EXERCISE INSTRUCTIONS. In the data below, locate the line containing "Q: От каких" and the line containing "Mart 2020'de otellerde", then retype both and everything between them exactly. Pictures are not part of the copy.

MATERIAL TO PROCESS.
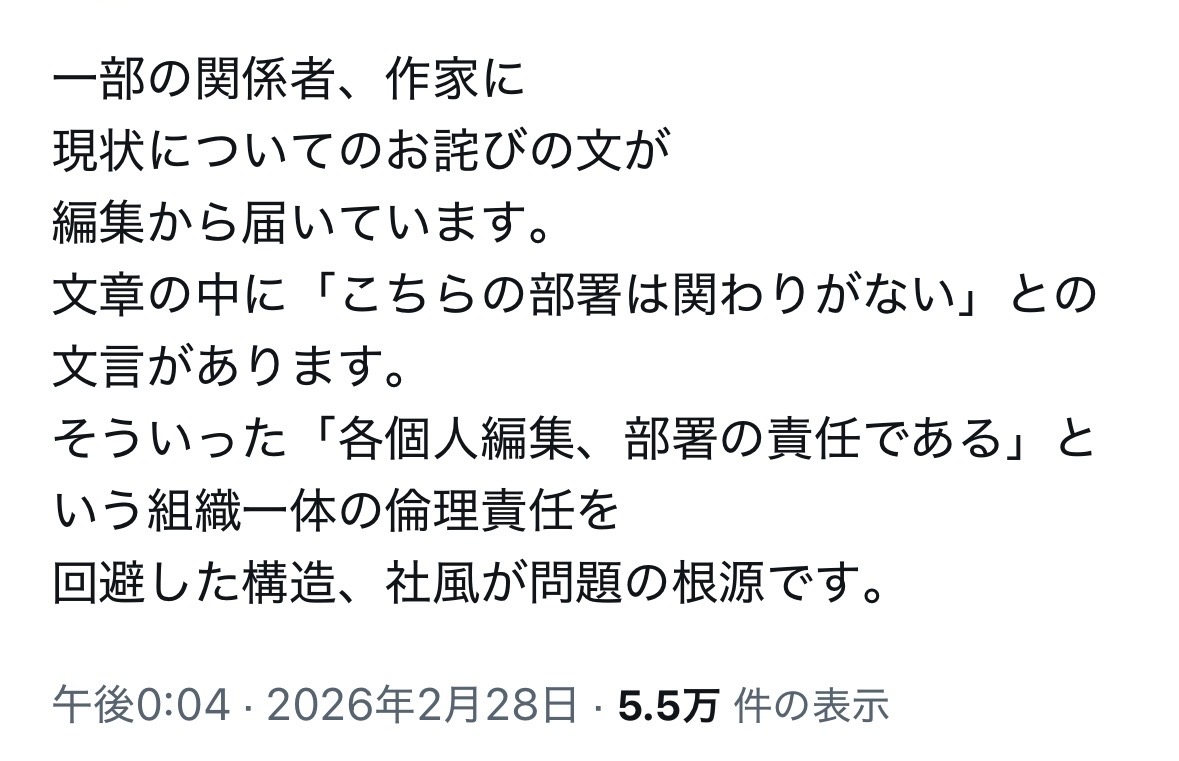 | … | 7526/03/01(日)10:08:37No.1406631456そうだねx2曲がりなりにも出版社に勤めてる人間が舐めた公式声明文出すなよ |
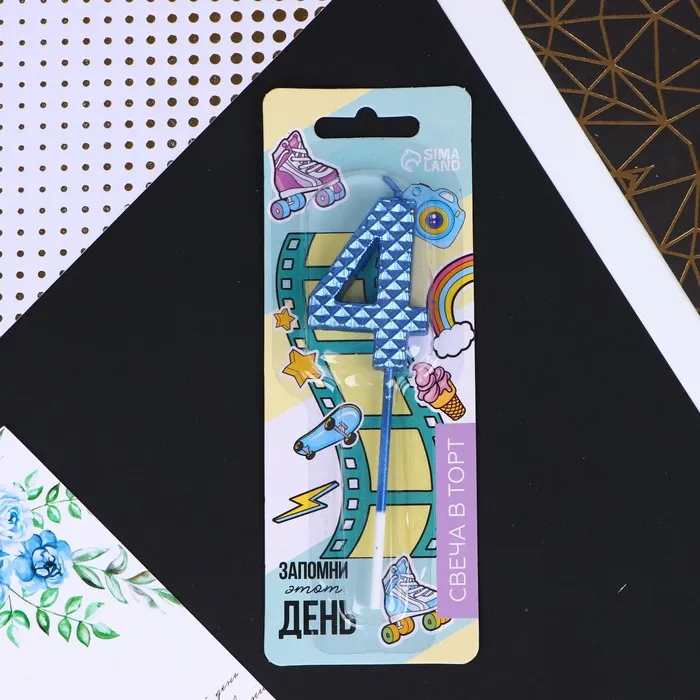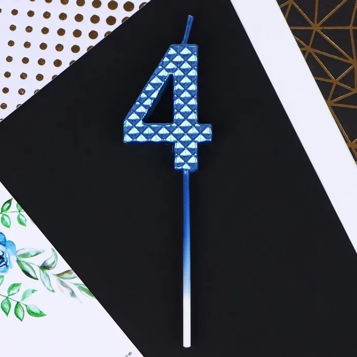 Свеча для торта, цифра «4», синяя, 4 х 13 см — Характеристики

--

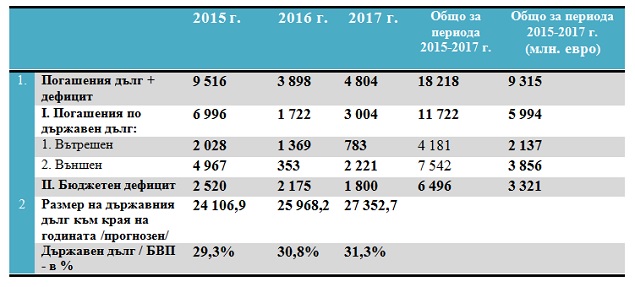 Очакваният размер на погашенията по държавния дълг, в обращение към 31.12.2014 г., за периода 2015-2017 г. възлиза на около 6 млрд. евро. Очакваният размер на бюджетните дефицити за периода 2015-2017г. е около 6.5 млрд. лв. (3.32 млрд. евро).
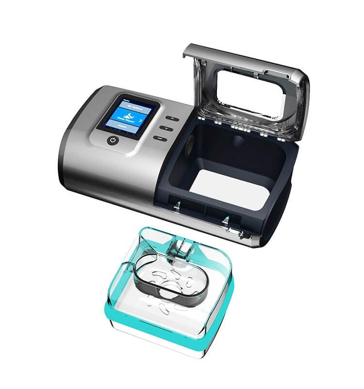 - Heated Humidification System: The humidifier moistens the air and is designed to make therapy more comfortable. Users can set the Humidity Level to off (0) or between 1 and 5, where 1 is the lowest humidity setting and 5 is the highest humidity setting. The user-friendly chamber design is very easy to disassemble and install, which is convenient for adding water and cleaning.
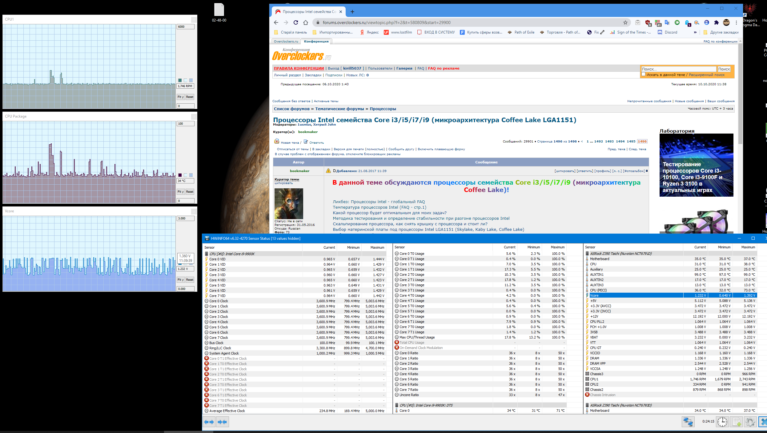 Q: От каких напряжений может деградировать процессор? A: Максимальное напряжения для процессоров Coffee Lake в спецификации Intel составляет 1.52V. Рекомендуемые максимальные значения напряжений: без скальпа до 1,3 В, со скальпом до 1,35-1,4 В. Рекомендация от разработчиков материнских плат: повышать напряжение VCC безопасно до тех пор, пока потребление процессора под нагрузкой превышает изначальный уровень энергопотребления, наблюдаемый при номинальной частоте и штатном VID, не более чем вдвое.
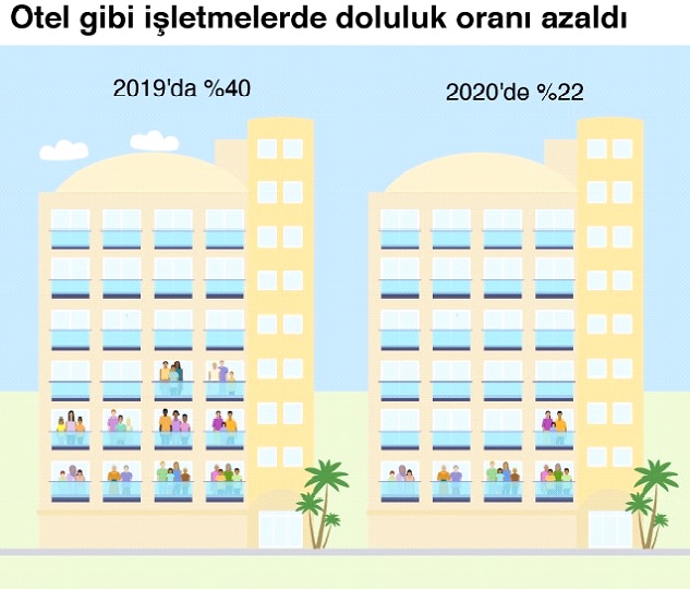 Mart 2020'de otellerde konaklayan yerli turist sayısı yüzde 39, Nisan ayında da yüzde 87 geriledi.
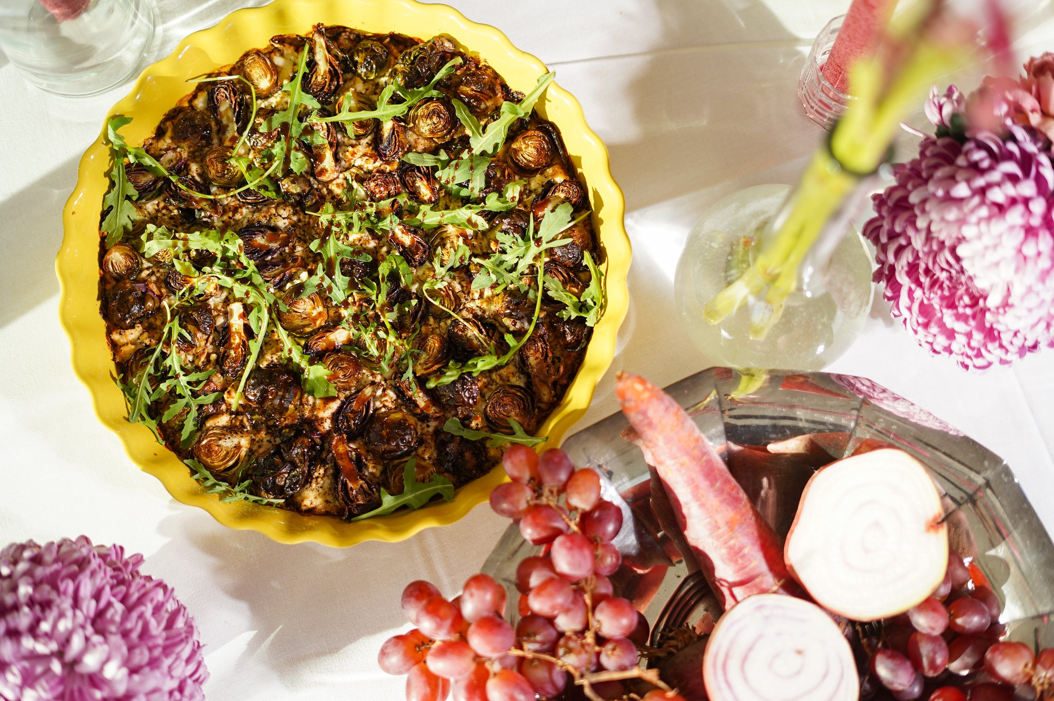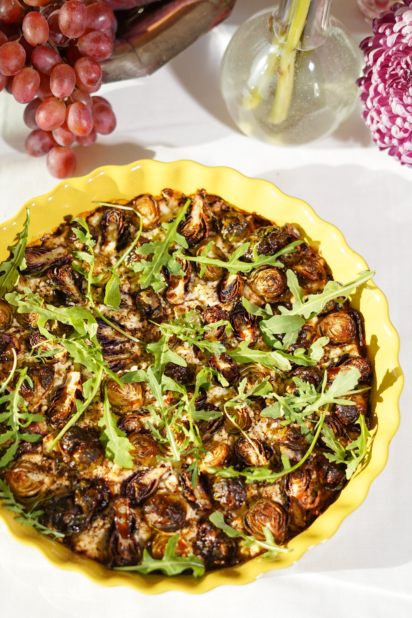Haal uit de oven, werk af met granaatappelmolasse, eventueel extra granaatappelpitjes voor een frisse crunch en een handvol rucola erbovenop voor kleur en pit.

TASK SOLUTION.
 Q: От каких напряжений может деградировать процессор? A: Максимальное напряжения для процессоров Coffee Lake в спецификации Intel составляет 1.52V. Рекомендуемые максимальные значения напряжений: без скальпа до 1,3 В, со скальпом до 1,35-1,4 В. Рекомендация от разработчиков материнских плат: повышать напряжение VCC безопасно до тех пор, пока потребление процессора под нагрузкой превышает изначальный уровень энергопотребления, наблюдаемый при номинальной частоте и штатном VID, не более чем вдвое.
 Mart 2020'de otellerde konaklayan yerli turist sayısı yüzde 39, Nisan ayında da yüzde 87 geriledi.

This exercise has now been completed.